Drought-Stricken Texas Town Taps Urine For Water
An anonymous reader writes "Texas is in the midst of a drought so severe that local water management teams have decided to distribute reclaimed wastewater (aka urine). The Colorado River Municipal Water District in West Texas has broken ground on a $13 million plant that will capture treated wastewater and ready it for redistribution. After being run through microfilters and undergoing reverse osmosis, slimy sewage is cleansed with peroxide and ultraviolet light. This intense process ensures that any pharmaceuticals and carcinogens are removed, and that the H2O stands up to drinking water regulations."
About bloody time that some city in the US starts doing this.
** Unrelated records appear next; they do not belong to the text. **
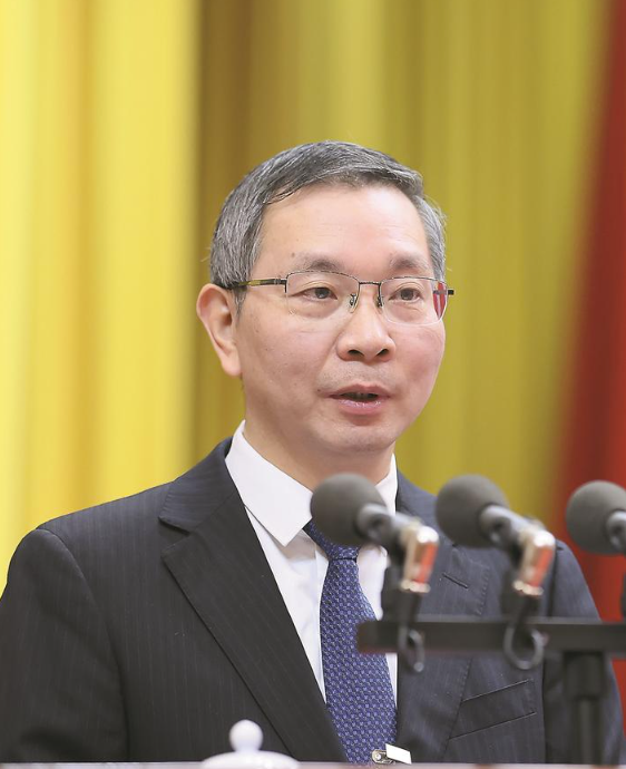在株洲市第十六届人民代表大会第二次会议上,陈恢清作政府工作报告。 株洲日报全媒体记者/易翔 摄
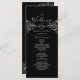 Um programa de casamento elegante, moderno, preto e branco com corda prateada e um lugar floral dourado.
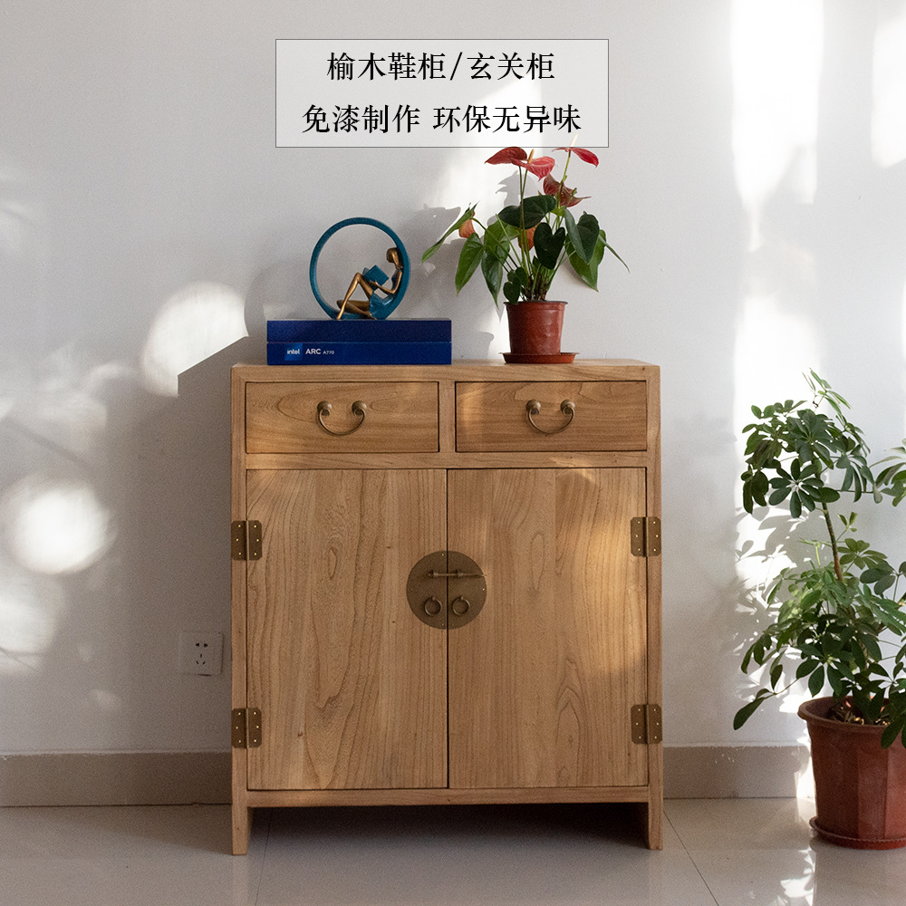 古いニレ無垢材の玄関装飾キャビネット、玄関キャビネット、玄関ドア、リビングルーム、サイドボード、靴キャビネット、収納キャビネット、テーブル
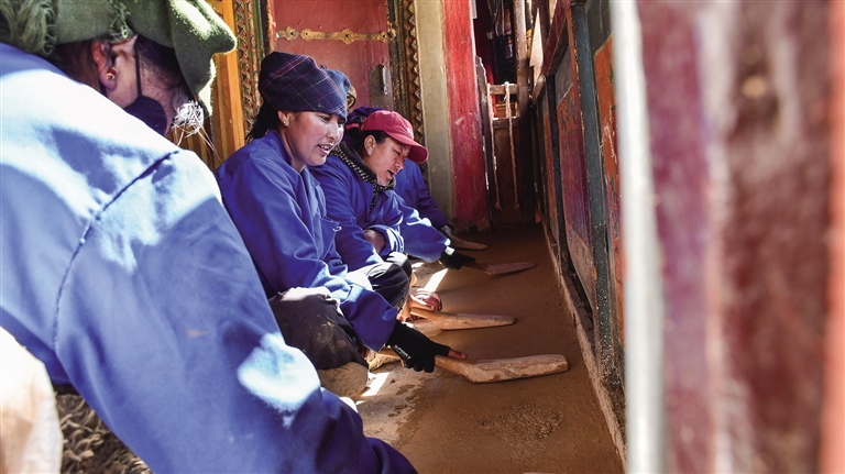 5名藏族女工一邊唱著歌,一邊用手中的工具“帛多”夯打著腳下的碎石和泥土,木棒夯土的聲音是節(jié)奏,歌聲與步調(diào)統(tǒng)一,她們一輪又一輪地合唱著。在不間斷地敲打地面數(shù)小時后,石子狀的“阿嘎”被打成平地。達桑告訴記者,這是泥匠組在通過“打阿嘎”對布宮地面有裂縫的地方進行修補。
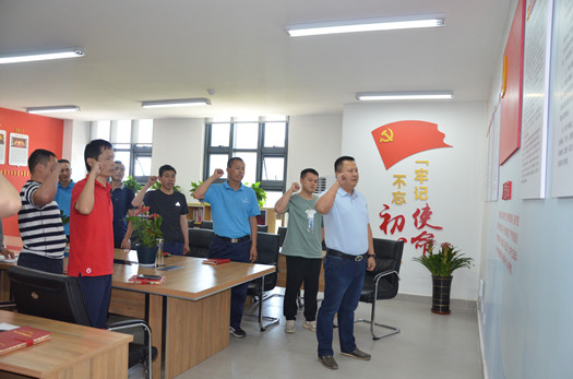 會(huì )后,在孔強同志的帶領(lǐng)下,全體黨員在莊嚴的黨旗下與新入黨的同志一起重溫了入黨誓詞。

Did you know that the outflow from the Los Angeles sewage treatment plant is actually cleaner than the water that they pump (at ridiculous cost) over the mountains to the potable water intake?
The capital of Botswana has been doing this since the 1960s. Nice to know that Texas is finally catching up to sub-Saharan Africa.
"Think about how stupid the average person is. Now, realise that half of them are dumber than that." - George Carlin
They should bottle and market it. First we had astronaut ice cream. Now we have astronaut water!
It's amazing to me that this type of thing only gets implemented due to a crisis when it should be obvious from the get go that developing and improving the methods of recycling and reclamation should always be part of the way we do anything.
Not everywhere...
I'm currently sitting less than a mile upwind of one of the great lakes... The energy requirement for this sewage filtration process has a far larger environmental impact than just regular sewage treatment combined with pumping a bit more water out of the lake. We could probably reduce out draw out of the lake 50% with this technology, at the mere cost of kilotons of extra fly ash and mercury dumped into the lake from our coalburners ... the same lake we're getting our drinking water out of...
California / desert SW solutions are not appropriate everywhere. If anything, on average, east of the mississippi river, we have way too much fresh water and need to focus tech on dealing with floods caused by rain. Much like fixing failing school systems or sick care systems, just dumping more money on the problem doesn't seem to help.
"Science flies us to the moon. Religion flies us into buildings." - Victor Stenger
And in Portland, they drain an entire reservoir after one guy takes a leak
http://www.upi.com/Odd_News/2011/06/16/Reservoir-drained-due-to-urine/UPI-10781308249177/
Have a Day!
South Africa, being a dry country, has been doing this for years. All sewage gets sent to treatment farms, where it is cleaned, and the water from it are then placed back in the river systems from where it is used for irrigation, drinking water and everything else - just like rain water.
South Africa also boasts that the water from the treatment plants are cleaner than rain water. My father is an electrical engineer and helped design one of the plants (the electrical systems obviously). The process is quite spectacular - and moreso than what is described here. For starters the first phase includes the sewage being cleaned by specially cultured bacteria to break it down, before chemical cleaning, filtering etc. step by step turns it back into pure H20.
The two main waste products from the process is methane and solid waste. The solid waste is used to create fertilizers. The methane is burned off (being a clean-burning gas) but quite a few people here have converted their cars to run on methane (any gasoline car can be converted) and fill up there - for the moment at least (since the demand is pretty low and they have massive amounts they need to get rid off) the sewage treatment farms don't even charge them. Fill up the car, no cost.
Unicode killed the ASCII-art *
Chanute, KS was the first in the US, from October 14th 1956 to March 14th, 1957. The water met microbial standards of the time, but was discontinued as soon as possible due to public acceptance.
Windhoek, the capital of the Republic of Namibia (Sahara desert) recycles about 30% of their water to supply a population of 300,000 residents. They started in 1968.
Not common, but far from a new idea.
What I find even more amusing are the people who are all "eww yuck" over stories about recycling urine for drinking, and then go on to consume an alcoholic beverage (aka, yeast urine).
"I'm not sure I like the fugnutish tone you used in your post!" -RogL (608926)-
Does it the water burn when it gets out the tap?
Only if your faucet has Gonorrhea. ;-)
People would probably be rather suspicious of the sudden increase of its quality.